DEV Community

Cover image for I tested 4 codebase-to-AI tools on FastAPI (108k lines). Here are the token costs.
GDS K S
GDS K S

Posted on

I tested 4 codebase-to-AI tools on FastAPI (108k lines). Here are the token costs.

Stacklit on GitHub -- the tool I built after running these tests.


I have been using AI agents on real projects for the past year. Claude Code, Cursor, Aider. The one problem that never goes away: every session starts by the agent reading files to understand the codebase. Same files. Same tokens. Every time.

So I tested four tools that claim to solve this. I ran them on FastAPI (108,075 lines of Python, 1,131 files) and measured what actually came out.

The four tools

Repomix (23k stars) -- packs your entire repo into one XML or Markdown file. Every line of source code in a single output.

Aider repo-map (part of Aider, 43k stars) -- generates an ephemeral text map of functions and classes ranked by relevance. Built into Aider, not available separately.

Codebase Memory MCP (1.4k stars) -- builds a SQLite knowledge graph from tree-sitter ASTs. 66 languages. Queryable through 14 MCP tools.
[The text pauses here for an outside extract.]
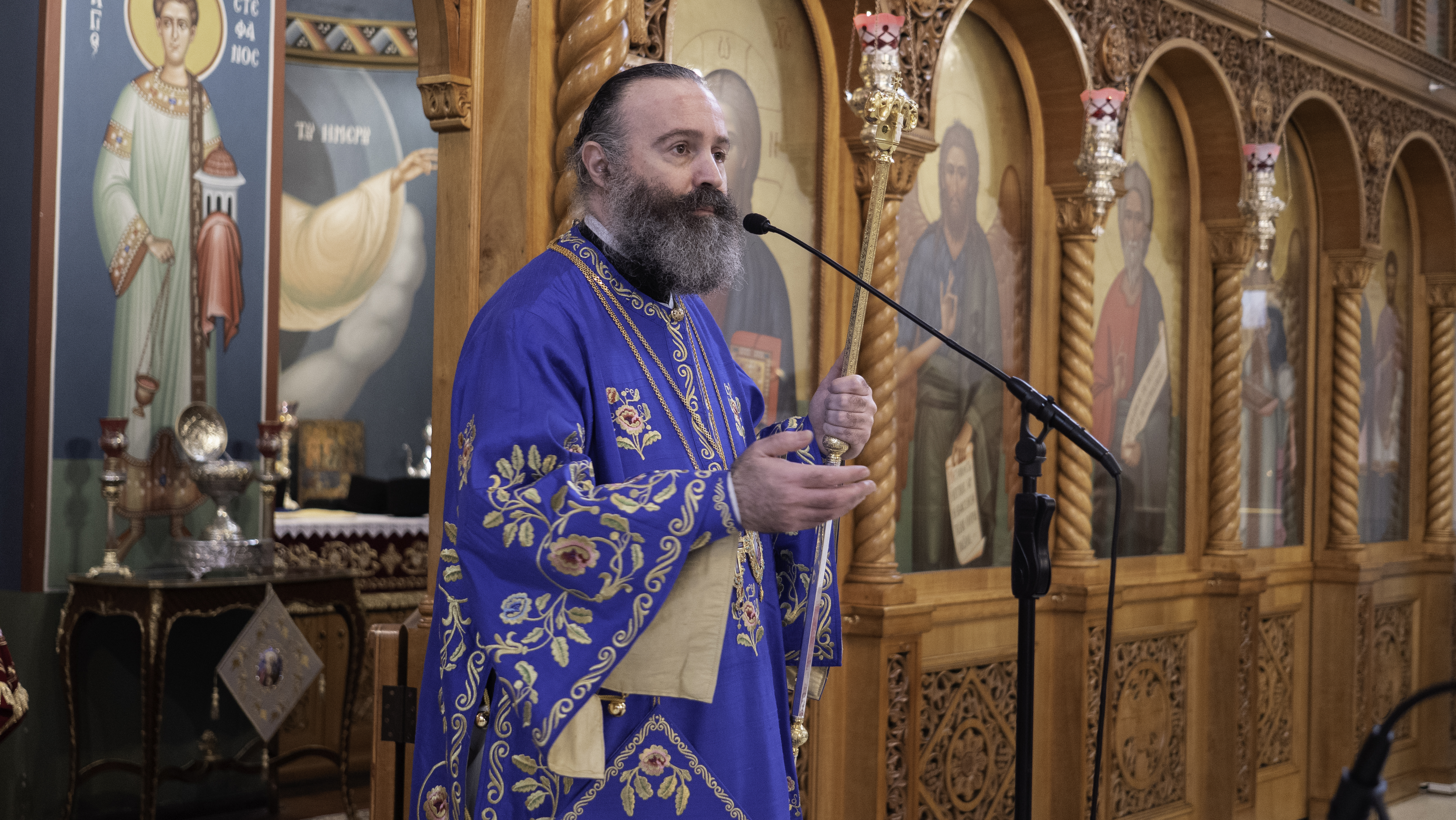 Προ της Απολύσεως της Θείας Λειτουργίας, ο Σεβασμιώτατος κ. Μακάριος συνεχάρη και απηύθυνε θερμές πατρικές ευχές προς τον Ιερατικώς Προϊστάμενο του Ναού, Πανοσιολογιώτατο Αρχιμανδρίτη κ. Χριστόδουλο Οικονόμου, ο οποίος συμπλήρωσε 20 χρόνια ιερωσύνης. “Τα 20 χρόνια ιερωσύνης ειναι μια μεγάλη υπόθεση για έναν νέο άνθρωπο”, υπογράμμισε, ενώ συμπλήρωσε ότι αποτελεί μεγάλη χαρά και ευλογία για την Ιερά Αρχιεπισκοπή Αυστραλίας που έχει στο δυναμικό της τον πατέρα Χριστόδουλο. “Δεν είναι εύκολο περιγράψω το πόσο δύσκολο είναι κανείς, ιδιαίτερα όταν είναι νέος, να κρατήσει το ράσο του ακηλίδωτο”, επισήμανε και συνέχισε: “Γι’ αυτό, όταν βλέπω κληρικούς σαν τον πατέρα Χριστόδουλο και τους άλλους πατέρες που είναι εδώ, οι οποίοι αγωνίζονται στη ζωή με τις δυσκολίες, τις πιέσεις, τις προκλήσεις, όταν βλέπω κληρικούς να έχουν τιμήσει το ράσο τους, ιδιαιτέρως συγκινούμαι. Και δοξάζω τον Θεό που έχουμε κληρικούς σαν τον πατέρα Χριστόδουλο, και εύχομαι να αποκτήσουμε και ακόμα περισσότερους”.

Stacklit (new, my project) -- generates a committed JSON index with module graph, exports, types, and activity. One file, committed to git.

The big comparison table

Feature Repomix Aider repo-map CB Memory MCP Stacklit
What it produces Full code dump (XML/MD) Ephemeral text map SQLite knowledge graph JSON index file
Output size (FastAPI) ~800k tokens ~8k-15k tokens per-query 4,142 tokens
Committed to repo No (too large) No (ephemeral) No (local DB) Yes
Works with Claude Code Yes (paste) No Yes (MCP) Yes (file + MCP)
Works with Cursor Yes (paste) No Yes (MCP) Yes (file + MCP)
Works with Aider Yes (paste) Built-in No Yes (reads file)
Works with Copilot Manual paste No No Yes (reads file)
Dependency graph No No Yes Yes
Module detection No No Yes Yes
Export/function signatures Full source code Function names only Full signatures Signatures with types
Type definitions Full source code No Yes Yes (struct/class fields)
Git activity heatmap No No Partial Yes (90-day)
Visual output No No No HTML with 4 views
MCP server No No Yes (14 tools) Yes (7 tools)
Monorepo aware No No No Yes (8 formats)
Incremental updates No No Partial Yes (Merkle hash)
Languages (full parsing) N/A (dumps everything) Many (tree-sitter) 66 (tree-sitter) 11 (tree-sitter)
Languages (basic) N/A N/A N/A Any (line count)
Runtime required Node.js Python C binary running None
Install npx repomix Built into Aider Download + run npx stacklit init
Binary size ~50MB (Node) Python env ~2MB (C) 32MB (Go, no CGO)
Configuration repomix.config.json In Aider config CLI flags stacklit.toml
Open source MIT Apache 2.0 MIT MIT

Token cost breakdown on FastAPI

This is the number that matters. I ran each tool on FastAPI and counted tokens using tiktoken (cl100k_base encoding, same as GPT-4/Claude):

Tool Output tokens Context windows used Time
Repomix (XML) ~800,000 4-6 windows (overflows 200k) ~8s
Repomix (compressed) ~400,000 2-3 windows ~12s
Aider repo-map ~8,000-15,000 Fits in one Per-prompt
CB Memory MCP Varies per query N/A (streaming) Sub-ms per query
Stacklit 4,142 Fits in one 0.4s

Stacklit produces the smallest static output. It does not include source code. It includes structure: which modules exist, what they export, how they connect, what changed recently.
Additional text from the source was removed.